General Motors Co. and Ford Motor Co. plan to report earnings for the second quarter of this week, which has led to an unprecedented decline in car production and increased concerns about demand for vehicles and other big tickets and the economic devastation caused by the coronavirus.
announces on Wednesday before the Ford F bell
reports Thursday after the penis.
The carmakers’ results hit another quarterly blow from US rivals Tesla Inc. TSLA,
which posted unexpected BAP and adjusted earnings last week.
“Prior to the commissioning of the COVID-19 plants, the outlook for the automotive industry was staggering,” said David Kudla, CEO of Mainstay Capital Management.
Until 2019. End-of-life investors and many in the industry feared that by 2020. Sales will not be the same as in recent years, which were the times of automatic car sales.
“There is no doubt that the carmakers suffered significant losses in the second quarter, but the proactive balance sheet actions allowed these companies to take a significant impact on the suspension and did not damage them,” the report said.
Here’s what to expect:
Earnings: The consensus of 18 Wall Street analysts surveyed by FactSet is demanding that GAAP lose $ 2.01 per GM stake, which would run counter to GAAP earnings of $ 1.66 per share in 2019. In the second quarter. Analysts expect an adjusted loss of $ 1.77 per share, after adjusted earnings per share of $ 1.64 a year ago.
In the case of Ford, 19 analysts expect GAAP to lose $ 1.26 per share compared to 4 cents in EPS in 2019. In the second quarter. Analysts are calling for an adjustment of $ 1.17 per share loss for the quarter, compared to an adjusted 28-cent gain. part a year ago.

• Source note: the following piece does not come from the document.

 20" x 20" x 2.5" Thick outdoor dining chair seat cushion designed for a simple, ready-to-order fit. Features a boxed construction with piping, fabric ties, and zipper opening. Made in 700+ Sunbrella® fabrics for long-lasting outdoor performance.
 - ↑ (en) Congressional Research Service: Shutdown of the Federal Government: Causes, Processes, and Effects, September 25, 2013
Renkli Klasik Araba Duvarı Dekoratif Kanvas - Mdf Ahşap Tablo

Estimize, a crowd resource search platform that aggregates estimates from Wall Street analysts as well as buyer analysts, fund managers, executives, academics and others, expects adjustments to be made to $ 1.61 worth of GM shares and $ 1.04. ” Ford losses.
Revenue: Analysts surveyed by FactSet expect GM sales to be $ 16.2 billion, up from $ 36.1 billion a year ago. In the case of Ford, FactSet agrees that sales are $ 19.4 billion, up from $ 38.9 billion a year ago.

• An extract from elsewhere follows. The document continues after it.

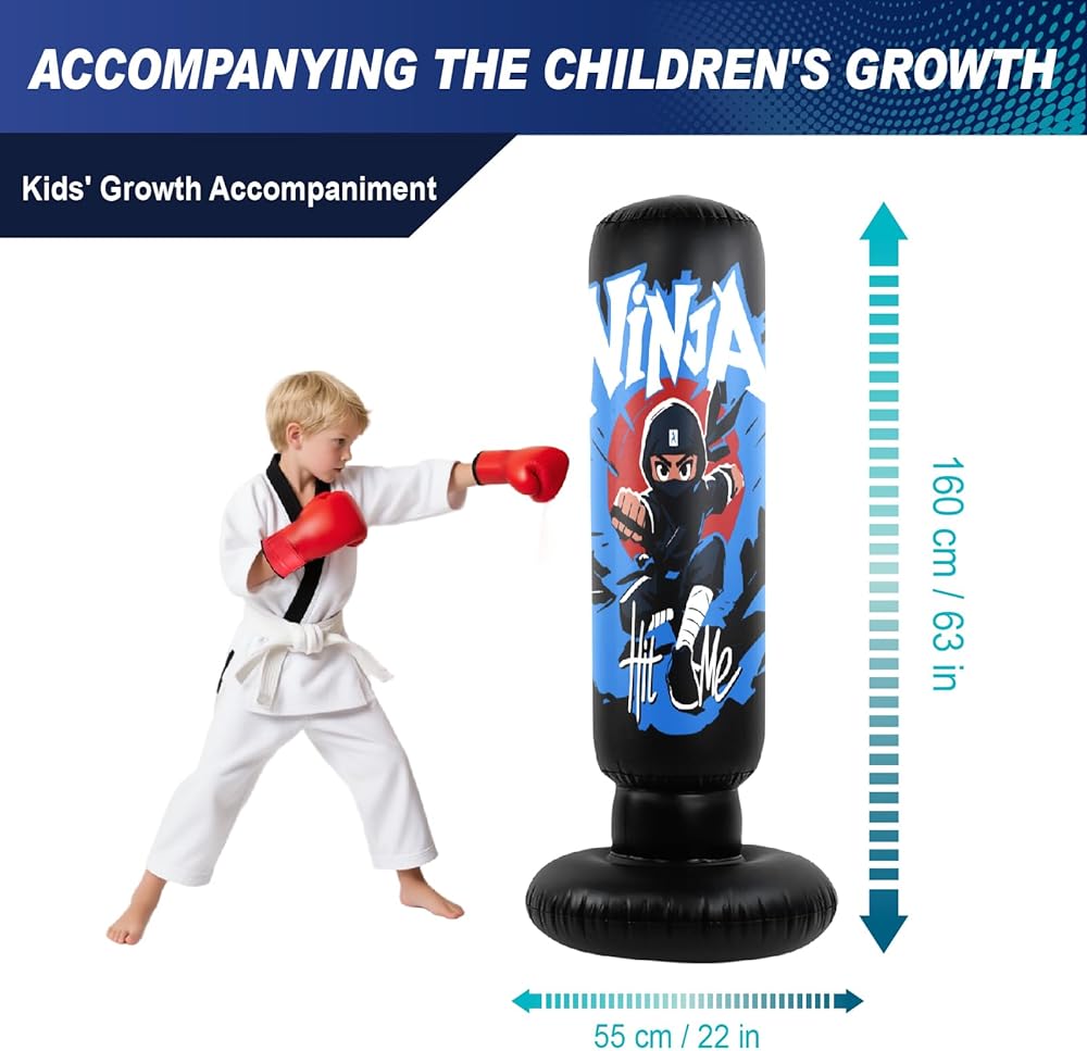 IDEAL SIZE: Standing at 63 inches tall when fully inflated, this punching bag is perfect for kids 3 years and up. Its sturdy base offers extra stability, ensuring it won't topple easily during intense play. The design helps children burn energy and stay active in the comfort of their home.

Estimate that revenue will be $ 16.5 billion for GM and $ 20.5 billion for Ford.
Stock movement: So far this year, GM shares have fallen 28% and Ford’s 25%. This compares with a loss of around 7% for the Dow Jones Industrial Average DJIA,
and the profitability of the S&P 500 index SPX,
during the same period.
What to expect: On Tuesday, the automotive industry cut its “unprecedented” by 45 percent. Analysts at Deustche Bank wrote on Tuesday in the second quarter.
U.S. retail vehicle sales have recovered closer than before COVID, but the recurrence of cases creates uncertainty for the outlook for automakers and related industries.
GM investors will closely monitor the second-quarter cash burn and the current capital structure, a spokesman for Mainstay’s Kudla said.
Burns for the quarter are projected to reach $ 7 billion to $ 9 billion, but that number is likely to be better due to better-than-expected end-of-quarter sales, he said.
Earlier this month, GM reported quarterly sales down 34%, but said retail volumes rebounded sharply in May and June compared to April.
Ford could also surprise markets upside down, analysts at Deutsche Bank said. This will be due to “higher North American truck production per quarter than initially expected, and Ford Credit may benefit more than the expected higher residual values,” they said.
In a recent report, Goldman Sachs analysts also sounded more positive remarks from Ford and GM. They point to improving sales prospects; a mixed shift to pickups and SUVs that offer better profit margins; and higher margins in their financial business as some reasons for better hopes.
“Against this background, we still expect both companies’ 2Q cash to be weak given the challenging macroeconomic environment for the quarter triggered by COVID-19,” Goldman analysts said.